_PROBLEM TO SOLVE:_ Starting at the first line of the data, please print exactly those lines through the one that holds "figure retains original", omitting every picture.

_Items from a data source:_
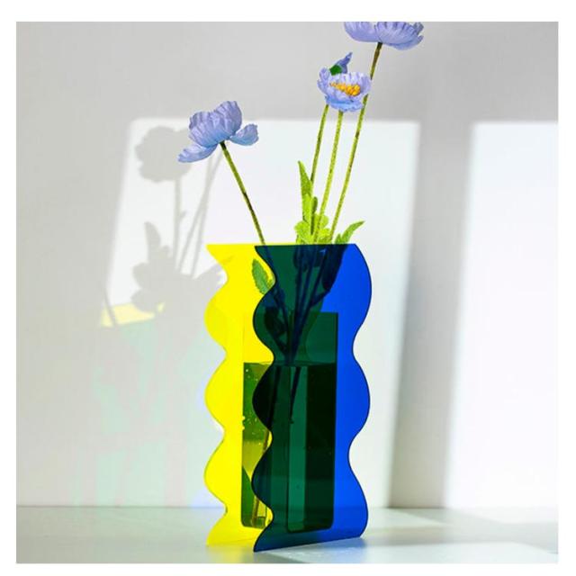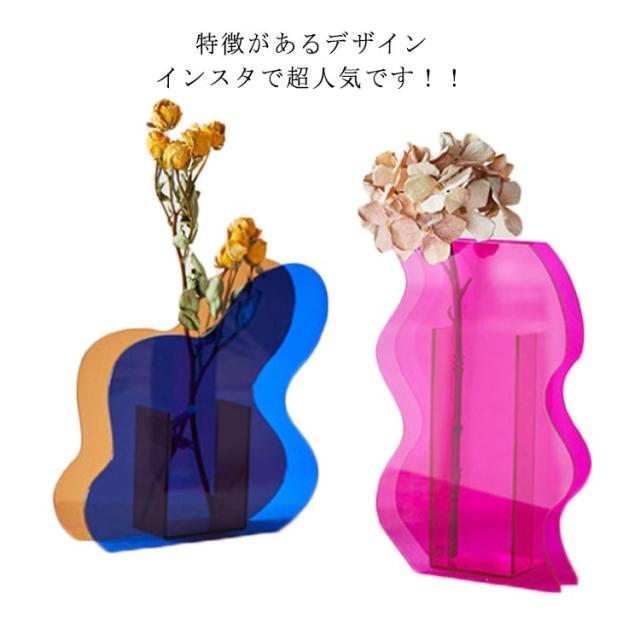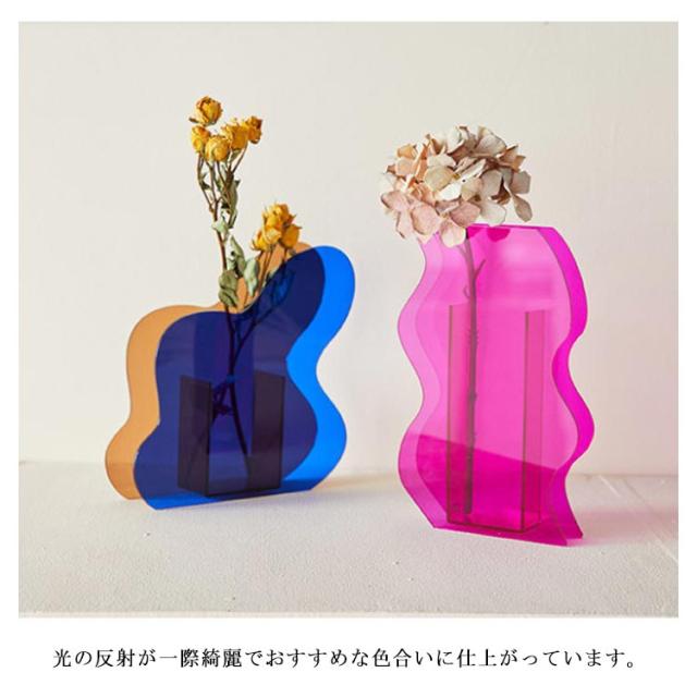 【インスタで超人気】 花瓶 北欧 ガラス 大きい 枝物 透明 波型 フラワーベース クリア アクリル ガラスベース おしゃれ 洋 人気
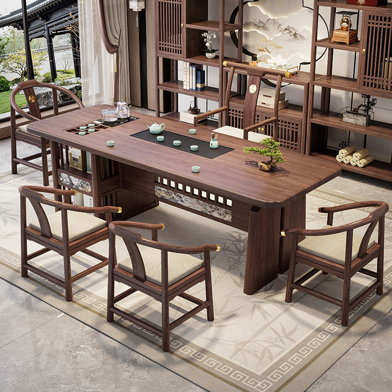 新中式简约实木茶桌椅组合办公家用禅意茶室大板干泡茶台一桌五椅
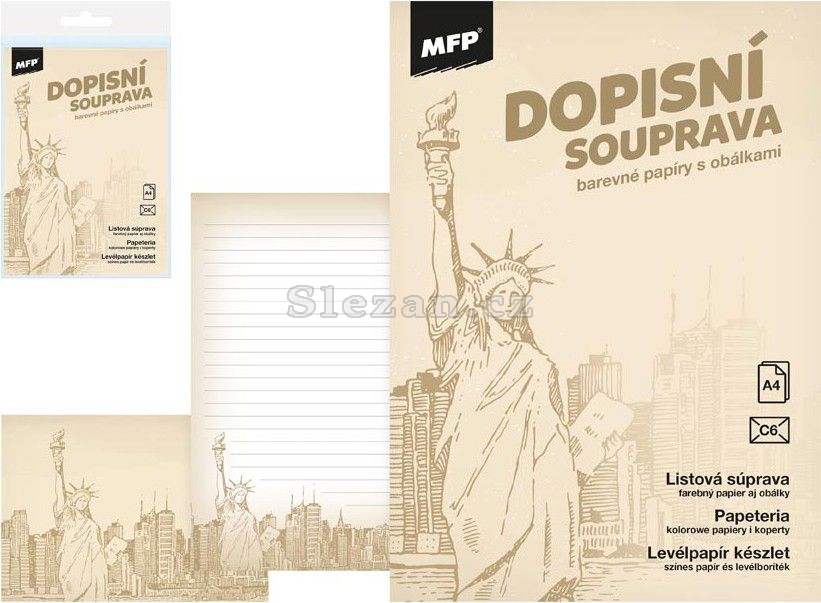 BALENÍ OBSAHUJE: - 10 potištěných dopisních papírů formátu A4 - 5 barevných poštovních obálek
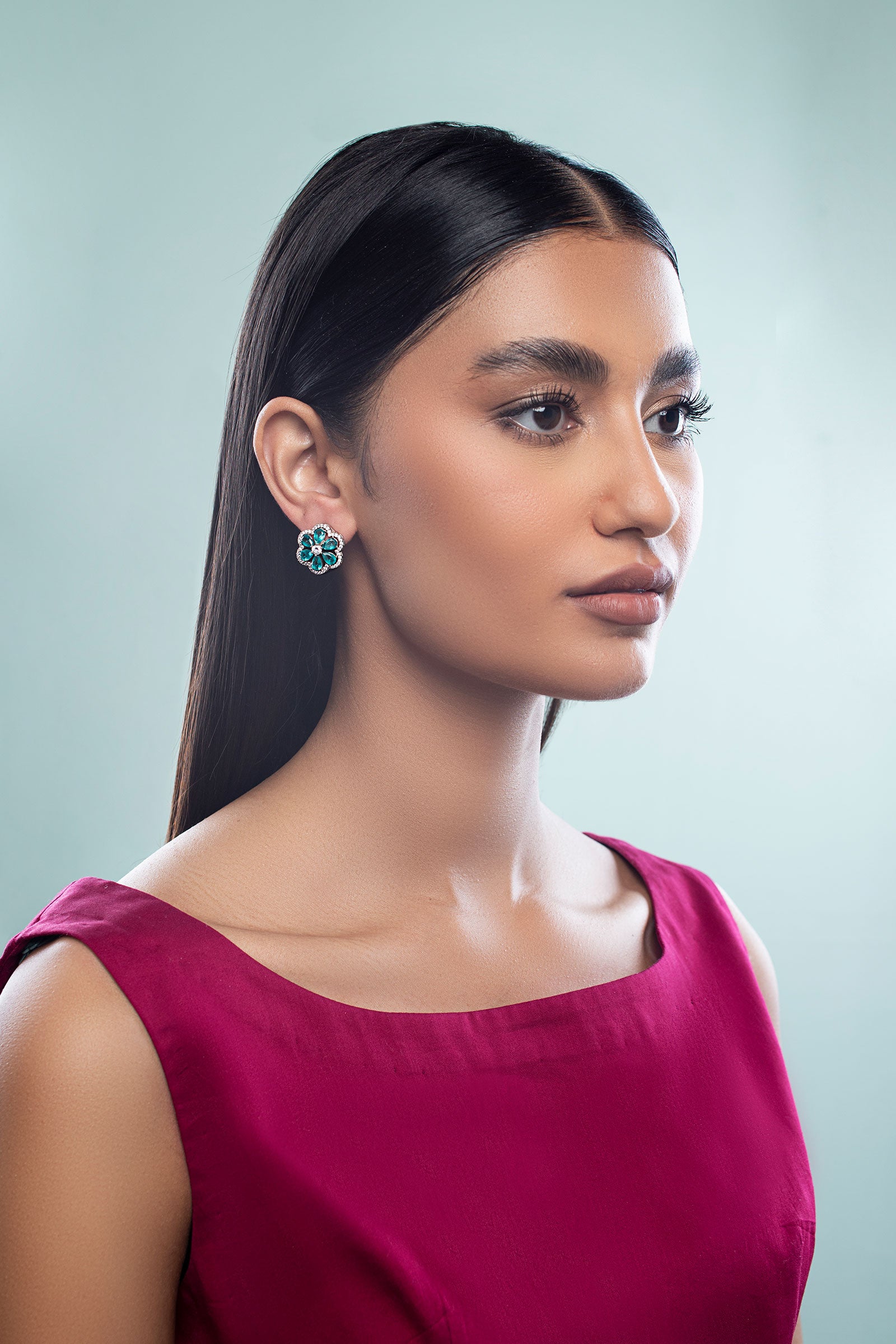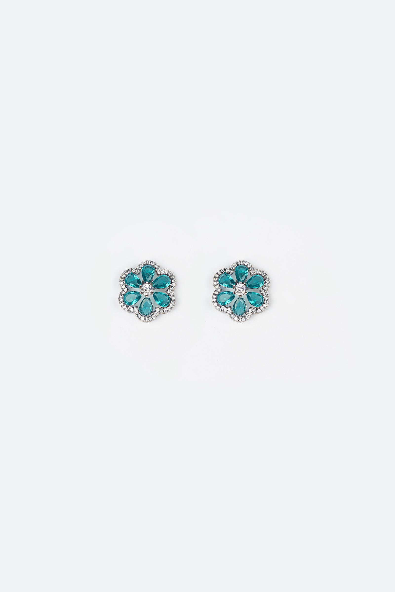 Materials: Crystal & Zircons Color: Teal Blue & White Metal: Alloy Finish: Silver Back Pin: Sterling Silver Stud Product Care: Wipe Clean
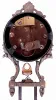figure retains original patina with minor losses, left pinky finger missing, base with minor dents, clock retains original green finish with minor losses, nickel plating with minor wear, ticking, suspension springs with minor distortion, will need service and adjustment in order to run reliably. Ht 12"
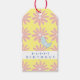 This design has a fun pink daisy pattern over a bright yellow background. Sitting on top of the of the text, is the little blue bird. On the back there's an area for your message. Type font and colour can be customised.
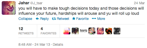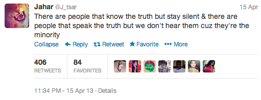 That may be true, but it doesn't rule out the notion that Tsarnaev is behind @J_tsar. In fact, tweets sent in 2012 between Tsarnaev and a buddy suggest the Tsarnaev actually changed his name to something far less explicit than its original distinction. What's now @J_tsar was once @jahar_tsar, a direct allusion to the pronunciation, and family nickname, of his true first name.
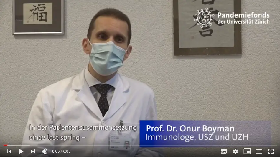 Die Gründe für einen schweren Verlauf einer Covid-19-Erkrankung untersucht Onur Boyman, Direktor der Klinik für Immunologie am Universitätsspital (USZ) und Professor für Klinische Immunologie der Medizinischen Fakultät der UZH. Seine bisherigen Erfahrungen am USZ bestätigen, dass aktive Vorerkrankungen wie Diabetes, gewisse Herz- und Lungenkrankheiten, hohes Übergewicht und ein aktives Krebsleiden den Krankheitsverlauf negativ beeinflussen können. Das ist auch einer der Gründe, weshalb ältere Leute ein höheres Risiko für schwere Verläufe hätten, da diese Vorerkrankungen im Alter häufiger vorkommen, so Boyman. Bei jüngeren Menschen mit schwerem Verlauf zeigt sich jedoch ein komplexeres Bild, als ursprünglich angenommen. Doch haben die Spitäler bei der Behandlung schwerer Fälle rasch dazugelernt (siehe Video).
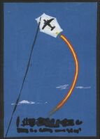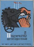 El volante, la cabeza de caballo y el hombre Sobre un fondo azul se representan en el dibujo tres elementos: una cabeza de caballo negra, un hombre que con sus manos intenta abrir su boca y un volante negro. Debajo se puede ver el boceto de algunas palabras en color negro de difícil lectura. En la parte superior se ven tres banderas de España sujetas a tres palos blancos.
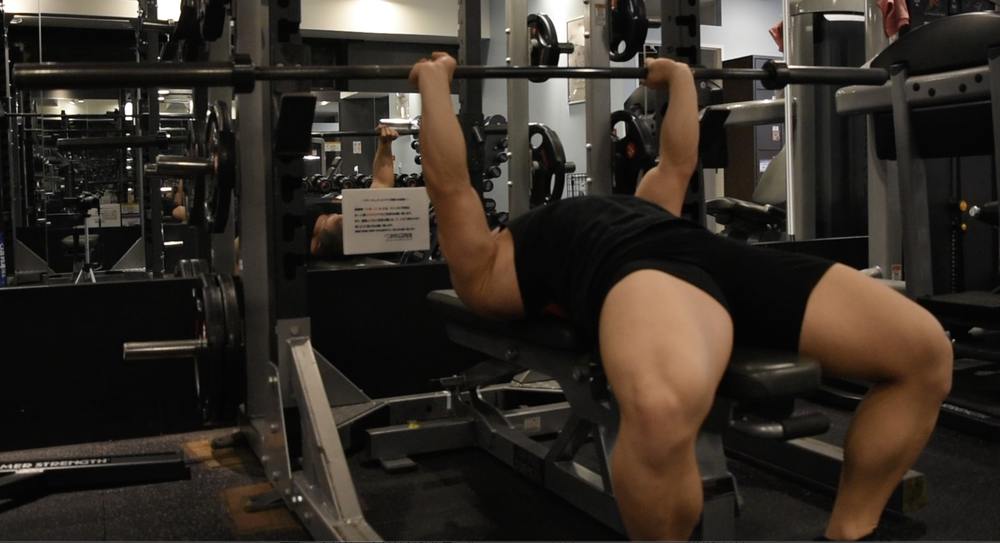 ここまで、通常のナローベンチプレスのやり方について解説してきました。続いて、応用編としてスミスマシンを使ったナローベンチプレスのやり方を紹介します。

_RESPONSE BELOW:_
 【インスタで超人気】 花瓶 北欧 ガラス 大きい 枝物 透明 波型 フラワーベース クリア アクリル ガラスベース おしゃれ 洋 人気
 新中式简约实木茶桌椅组合办公家用禅意茶室大板干泡茶台一桌五椅
 BALENÍ OBSAHUJE: - 10 potištěných dopisních papírů formátu A4 - 5 barevných poštovních obálek
 Materials: Crystal & Zircons Color: Teal Blue & White Metal: Alloy Finish: Silver Back Pin: Sterling Silver Stud Product Care: Wipe Clean
figure retains original patina with minor losses, left pinky finger missing, base with minor dents, clock retains original green finish with minor losses, nickel plating with minor wear, ticking, suspension springs with minor distortion, will need service and adjustment in order to run reliably. Ht 12"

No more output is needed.